* WHAT IS REQUIRED
Nothing but the lines below from the one with "加入老抽,生抽,白酒,料酒,白胡椒,白糖生姜片去除腥味,腌制半小时以上入味。" through the one with "Se i due metodi" should be output, each exactly as given, and no pictures.

* DATASET RECORDS
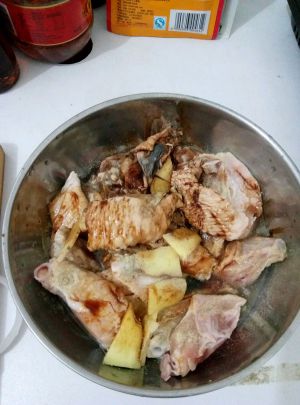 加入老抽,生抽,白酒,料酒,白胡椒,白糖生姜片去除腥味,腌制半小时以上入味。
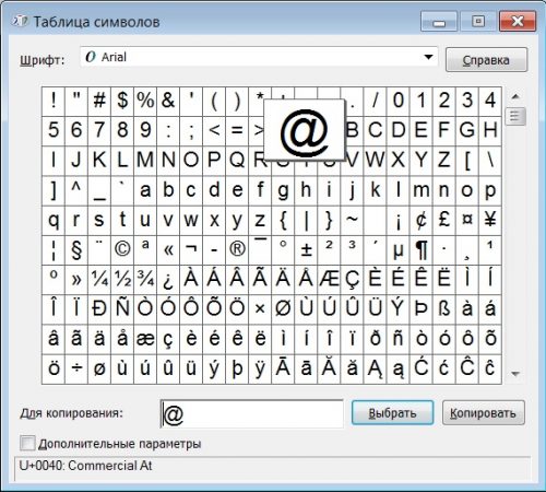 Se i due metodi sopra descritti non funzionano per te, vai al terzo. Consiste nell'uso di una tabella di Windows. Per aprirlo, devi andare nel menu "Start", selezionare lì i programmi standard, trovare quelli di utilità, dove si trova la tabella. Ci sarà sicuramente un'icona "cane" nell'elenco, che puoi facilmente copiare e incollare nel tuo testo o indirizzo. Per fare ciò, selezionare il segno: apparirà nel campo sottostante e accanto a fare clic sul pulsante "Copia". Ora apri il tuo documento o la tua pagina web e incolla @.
---
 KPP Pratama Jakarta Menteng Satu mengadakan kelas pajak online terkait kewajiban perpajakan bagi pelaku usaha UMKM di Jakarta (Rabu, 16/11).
* * *
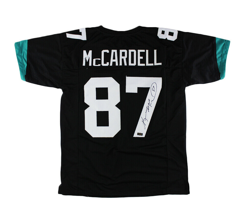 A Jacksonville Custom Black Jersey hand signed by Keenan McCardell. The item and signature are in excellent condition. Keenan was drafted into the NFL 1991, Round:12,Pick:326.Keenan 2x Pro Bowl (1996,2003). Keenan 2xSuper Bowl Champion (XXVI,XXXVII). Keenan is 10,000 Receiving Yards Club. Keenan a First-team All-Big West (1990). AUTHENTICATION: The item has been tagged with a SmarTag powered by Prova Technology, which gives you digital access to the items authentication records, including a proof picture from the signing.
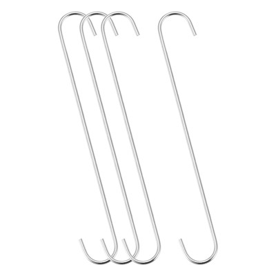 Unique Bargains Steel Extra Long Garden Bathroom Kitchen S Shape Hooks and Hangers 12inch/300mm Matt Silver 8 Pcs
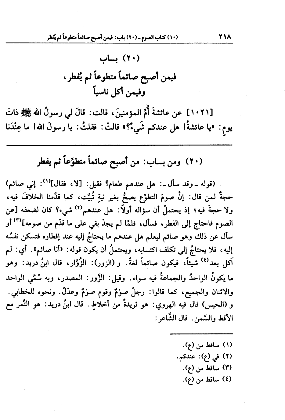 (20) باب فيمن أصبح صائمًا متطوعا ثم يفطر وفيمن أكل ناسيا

* TASK RESULT
 加入老抽,生抽,白酒,料酒,白胡椒,白糖生姜片去除腥味,腌制半小时以上入味。
 Se i due metodi sopra descritti non funzionano per te, vai al terzo. Consiste nell'uso di una tabella di Windows. Per aprirlo, devi andare nel menu "Start", selezionare lì i programmi standard, trovare quelli di utilità, dove si trova la tabella. Ci sarà sicuramente un'icona "cane" nell'elenco, che puoi facilmente copiare e incollare nel tuo testo o indirizzo. Per fare ciò, selezionare il segno: apparirà nel campo sottostante e accanto a fare clic sul pulsante "Copia". Ora apri il tuo documento o la tua pagina web e incolla @.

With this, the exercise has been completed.